**Exercise:** The answer should be every line below, repeated exactly, with the images left out.

**Raw data:**

# # #

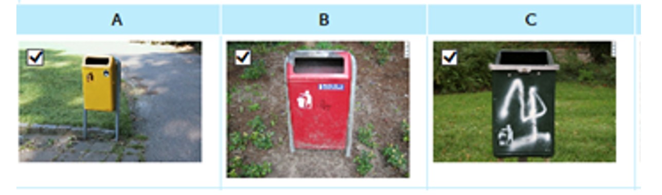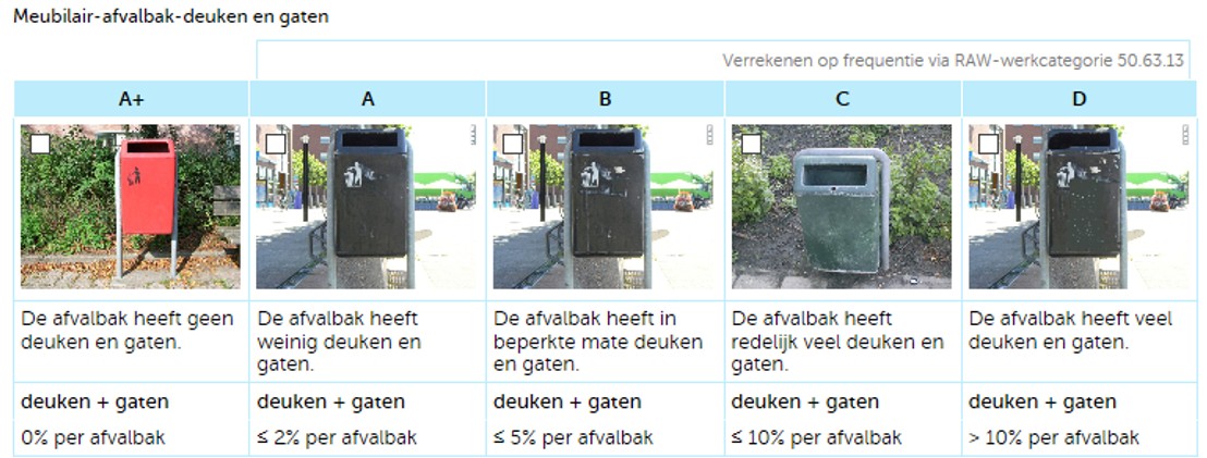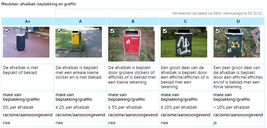Kwaliteit A: de afvalbak is beplakt met een kleine sticker en is niet beklad, maximaal 2% is beplakt en is niet voorzien van racistische of aanstootgevende teksten;
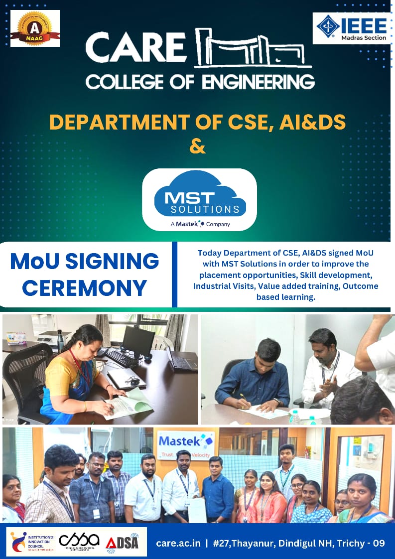 Department of CSE and AIDS have signed MoU with MST Solutions,Trichy, on 15/09/2023 (12 pm) for our CSE and AIDS students. The scope of this MoU is for skill development, internship, placement training, industrial visit and to conduct value added courses for the students.
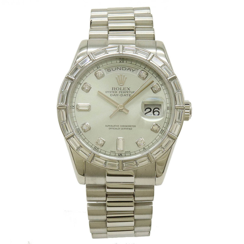 Pre-Owned ROLEX Rolex Day-Date Silver Dial Pt Platinum Diamond Bucket K Series Men's AT Automatic Watch 118366A
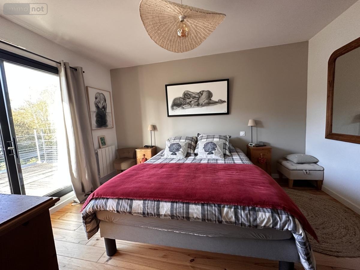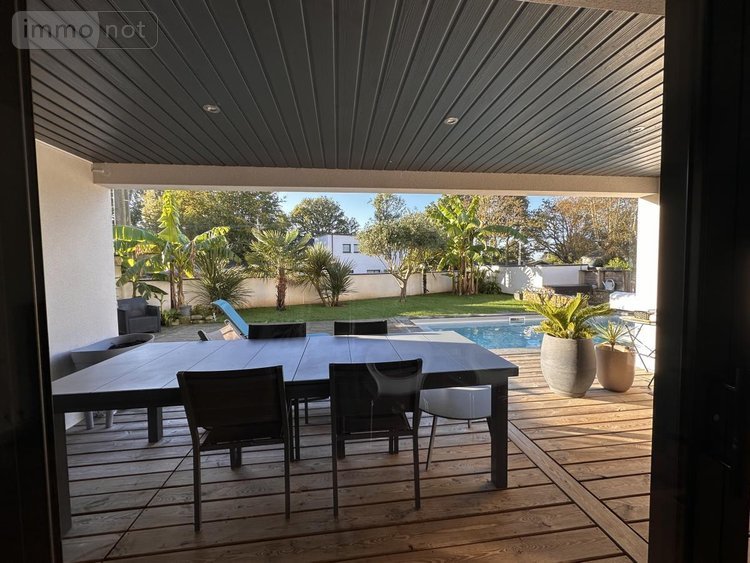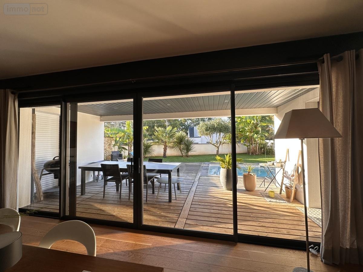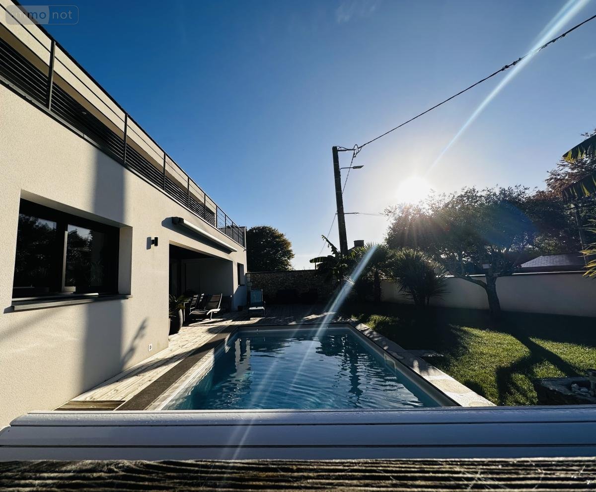 A VENDRE (56) ST AVE PROCHE VANNES CLINIQUE et GARE : JOLIE MAISON D'ARCHITECTE DE 2017, SUR TERRAIN CLOS DE 405 m² AVEC PISCINE CHAUFFEE: RDC : Entrée sur très belle pièce de vie (séjour-salon, coin bibliothèque) avec poêle à granulés, le tout donnant sur une terrasse en bois, couverte + store banne, jardin clos de murs , cuisine am-équipée donnant sur terrasse, wc/lave-mains, bureau, salon télévision, dressing, 1 belle chambre/salle d'eau privative et sortie terrasse - ETAGE : mezzanine à usage de salle de jeux avec grande baie donnant sur terrasse, 1 ch/parquet/dressing/salle d'eau/wc (accès terrasse), 1 ch/parquet/placard (accès terrasse), 1 ch/parquet/placard, wc, salle d'eau GARAGE AVEC COIN ATELIER ET CAVE A VIN ETANCHE EN SOUS-SOL

# # #

**Your solution:**
Kwaliteit A: de afvalbak is beplakt met een kleine sticker en is niet beklad, maximaal 2% is beplakt en is niet voorzien van racistische of aanstootgevende teksten;
 Department of CSE and AIDS have signed MoU with MST Solutions,Trichy, on 15/09/2023 (12 pm) for our CSE and AIDS students. The scope of this MoU is for skill development, internship, placement training, industrial visit and to conduct value added courses for the students.
 Pre-Owned ROLEX Rolex Day-Date Silver Dial Pt Platinum Diamond Bucket K Series Men's AT Automatic Watch 118366A
 A VENDRE (56) ST AVE PROCHE VANNES CLINIQUE et GARE : JOLIE MAISON D'ARCHITECTE DE 2017, SUR TERRAIN CLOS DE 405 m² AVEC PISCINE CHAUFFEE: RDC : Entrée sur très belle pièce de vie (séjour-salon, coin bibliothèque) avec poêle à granulés, le tout donnant sur une terrasse en bois, couverte + store banne, jardin clos de murs , cuisine am-équipée donnant sur terrasse, wc/lave-mains, bureau, salon télévision, dressing, 1 belle chambre/salle d'eau privative et sortie terrasse - ETAGE : mezzanine à usage de salle de jeux avec grande baie donnant sur terrasse, 1 ch/parquet/dressing/salle d'eau/wc (accès terrasse), 1 ch/parquet/placard (accès terrasse), 1 ch/parquet/placard, wc, salle d'eau GARAGE AVEC COIN ATELIER ET CAVE A VIN ETANCHE EN SOUS-SOL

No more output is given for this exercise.